The issue of returning information to patients is a tricky one. As a geneticist, it’s hard not to see the genetic counseling, family planning, and simple this-is-what-you-have advantages of reporting back to patients (through their clinicians or counselors, of course). As scientists and/or clinicians, we want to make sure that we get it right. As Americans, we also don’t want to get sued. The sad truth is that these two concerns may restrict how much information is returned to patients for a long, long time.
The Future of Human Genetics
It is clear that while we have made incredible — and I do mean incredible — progress in the field of human genetics and genomics, there are still many unanswered questions. For one thing, there’s a pressing need for functional validation of statistical/genetic findings that come out of these studies. The literature is afloat in “little hits” from GWAS and/or exome sequencing studies. Someone on the Twitter feed rightfully reminded us that GWAS hits should generally not be reported along with the “nearest gene” — a trend that tends to pollute the scientific literature. An associated variant near a gene may have nothing to do with that gene. Chromatin interactions, trans-regulatory events, and distal enhancers are just some of the mechanisms by which elements in the genome can modulate distant genes.
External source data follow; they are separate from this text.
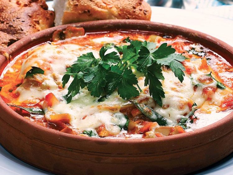 - Fırın kabına aktarın ve üzerine rendelenmiş kaşar peyniri serpip fırında 5 dakika daha pişirip servis yapın..
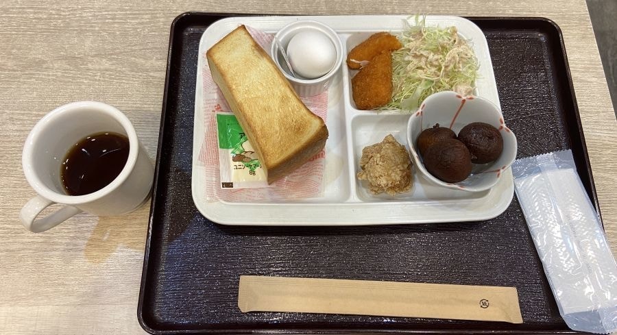 さて7時きっかり、初のモーニングを求めて(和食と洋食のうち多くは和食を選んでいました)席に着きます。厚さ5センチはあろうトースト、名物のイカフライのレモン煮(西尾市内の学校給食にもあるそうです)、果物はライチ、そして茹でたまごに、唐揚げ。コーヒーのおかわり自由もありがたいですね。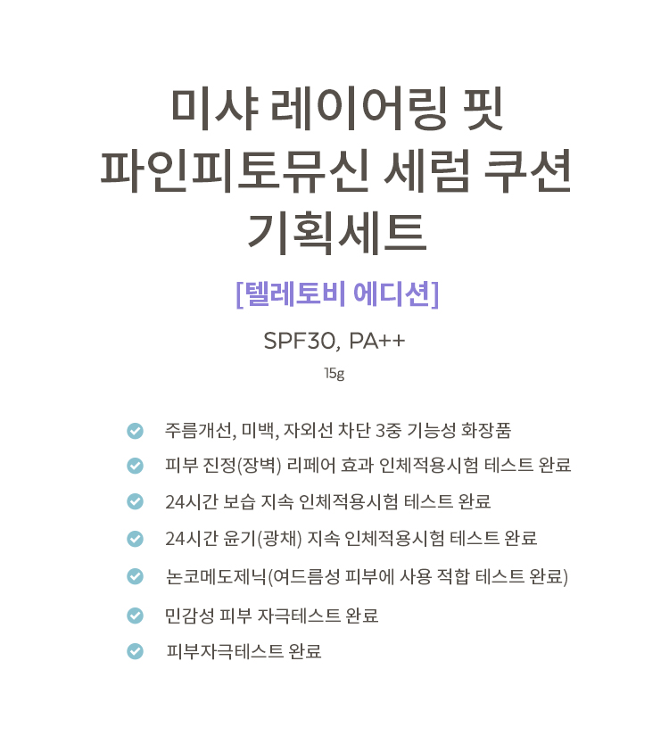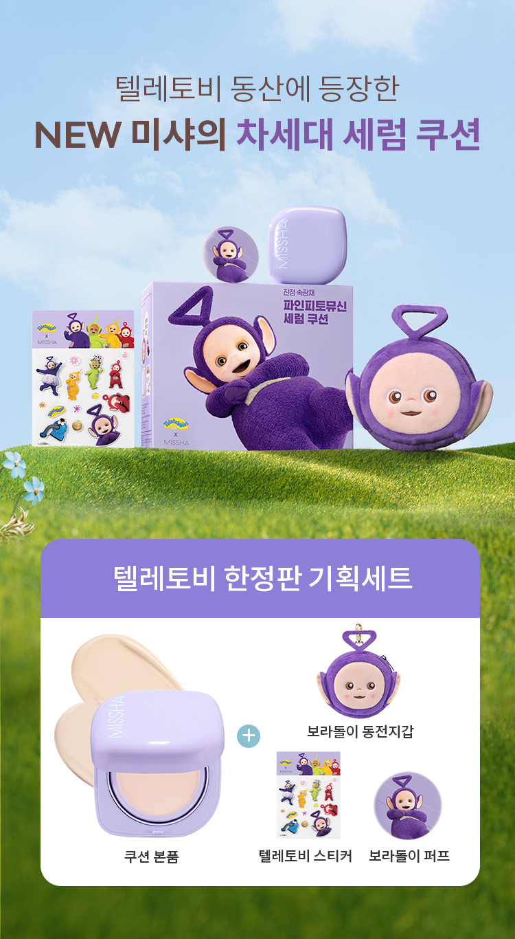| 용량/중량 | 레이어링 핏 파인피토뮤신 세럼 쿠션 (본품) 15 g / 0.52 OZ. 텔레토비 보라돌이 동전지갑 (증정품) 1EA 텔레토비 퍼프 (증정품) 1EA 텔레토비 스티커 (증정품) 1EA |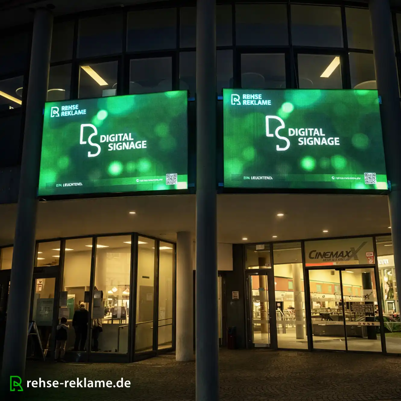 Für moderne Kinostandorte wird digitale Außenwerbung immer wichtiger. Im Rahmen eines Projekts wurden zwei Digital Signage Screens mit einer Größe von jeweils 3 × 2 Metern installiert, um Kinoprogramm, aktuelle Angebote und Werbeinhalte dynamisch präsentieren zu können. Die LED-Screens sind speziell für den dauerhaften Outdoor-Einsatz konzipiert und bieten durch leistungsstarke Technik eine hervorragende Sichtbarkeit – auch bei direkter Sonneneinstrahlung.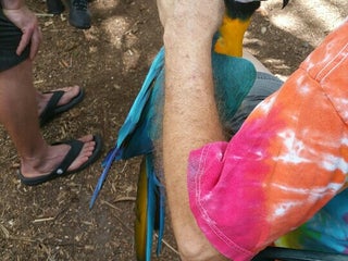 Hammerhead (the green-winged macaw) is a big softie, but he doesn't like women.

The Need for Functional Validation
As most of us know already, top-tier journals are usually dissatisfied with purely genetic/statistical findings. They want independent replication and functional validation. Both of these are time-consuming and expensive propositions. This will require bringing together the functional experts (molecular biology, model organisms, and reverse genetics) with the “gene hunters” as well as a serious commitment from funding agencies. The journals want this sort of thing, the scientific community needs it, so the granting agencies should fund it.
The Need for Collaboration
Another theme of the meeting, one I highlighted at the end of my own platform talk, is that we all need to work together and share resources — samples, knowledge, tools, etc. — if we are to find success in our work. The lone PI, working independently and aloof from other groups, is doomed to fail in this modern world of high-throughput, big data science. I find it encouraging that many investigators and consortia seem to have recognized this, and are pooling their cohorts for the greater good.
Improving Human Lives
ASHG president Jeff Murray gave a stirring address to open the meeting. Some of the things he said really resonated with me. Many years ago, his brother (a trisomy 21 carrier) suffered under the medical regime. He spent most of his life in an institution, and never had the chance at the treatment or understanding that we might be able to offer today. Medicine certainly has come a long way since then, but Murray reminded us that “Discovery should always be complemented by working to prevent or treat those entities that we have the tools — but sometimes not the will — to address today.”
He encouraged us to spend a little bit of time thinking about how we might do that, how we might pause after finding that hot new disease gene and try to think of ways to help the patients (rather than just racing on to the next one).
Finally, Dr. Murray proclaimed that there’s no better career than to be involved in genetics research. And if you’ve read this far, you know that he’s right.